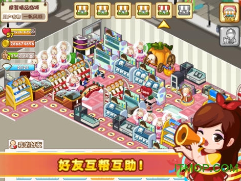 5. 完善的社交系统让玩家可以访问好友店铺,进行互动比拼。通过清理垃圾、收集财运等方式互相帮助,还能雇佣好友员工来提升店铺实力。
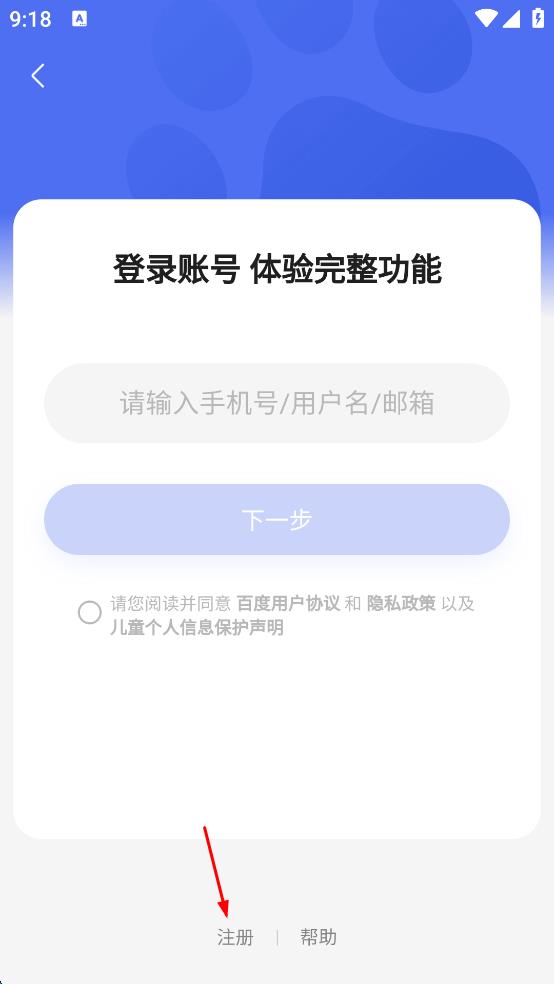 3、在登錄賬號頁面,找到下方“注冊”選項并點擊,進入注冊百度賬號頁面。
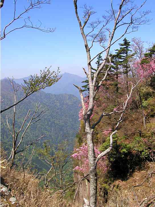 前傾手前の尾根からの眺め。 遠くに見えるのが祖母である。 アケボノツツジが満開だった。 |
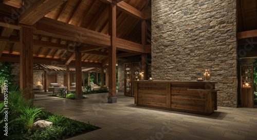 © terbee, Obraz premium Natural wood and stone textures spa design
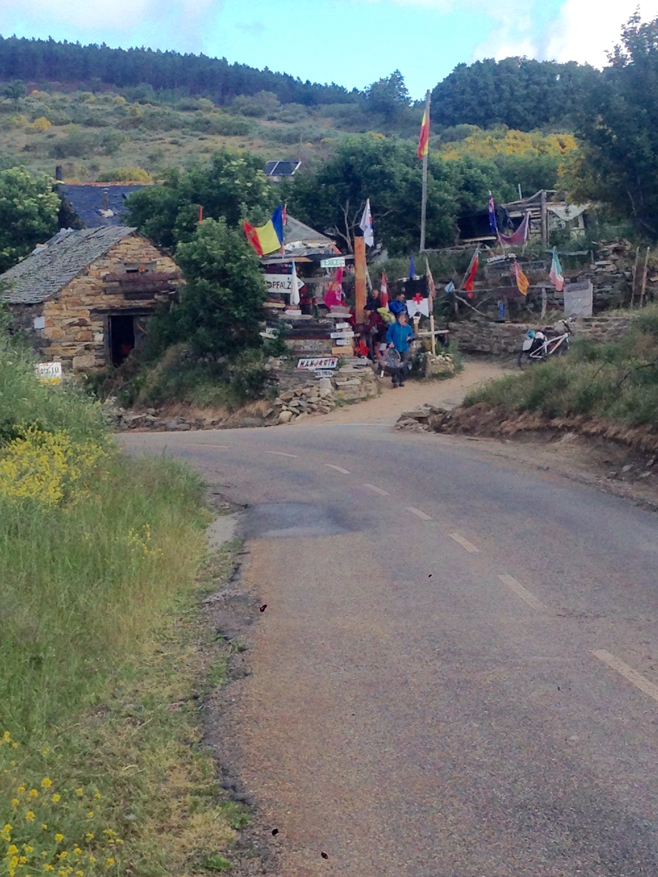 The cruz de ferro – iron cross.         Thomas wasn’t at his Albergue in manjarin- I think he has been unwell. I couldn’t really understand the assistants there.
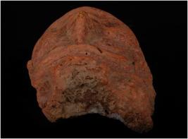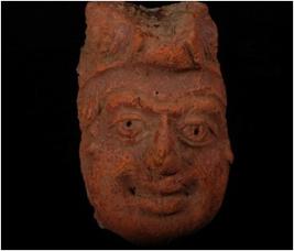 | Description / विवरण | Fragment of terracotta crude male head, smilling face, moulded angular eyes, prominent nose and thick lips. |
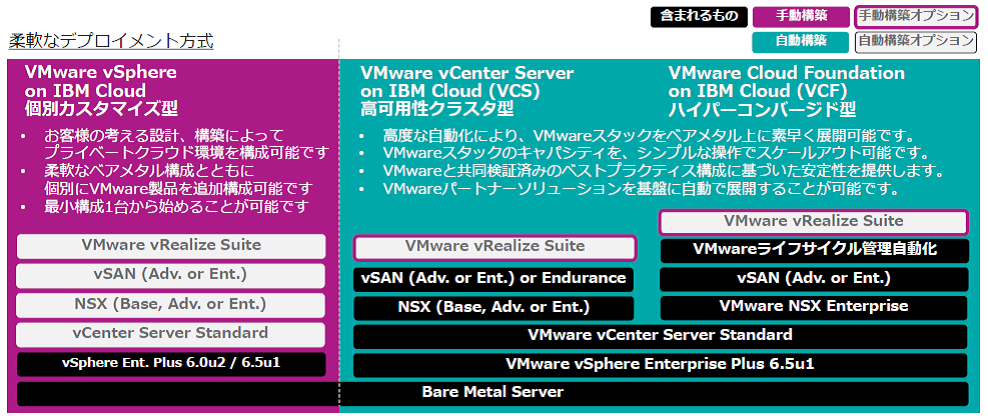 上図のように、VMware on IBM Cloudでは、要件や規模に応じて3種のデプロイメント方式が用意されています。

##############################

**WHAT TO DO**
From the line containing "textures spa design" to the end of the listing, restate each line word for word and nothing more; the pictures stay out.

**WRITTEN SOLUTION**
 © terbee, Obraz premium Natural wood and stone textures spa design
 The cruz de ferro – iron cross.         Thomas wasn’t at his Albergue in manjarin- I think he has been unwell. I couldn’t really understand the assistants there.
 | Description / विवरण | Fragment of terracotta crude male head, smilling face, moulded angular eyes, prominent nose and thick lips. |
 上図のように、VMware on IBM Cloudでは、要件や規模に応じて3種のデプロイメント方式が用意されています。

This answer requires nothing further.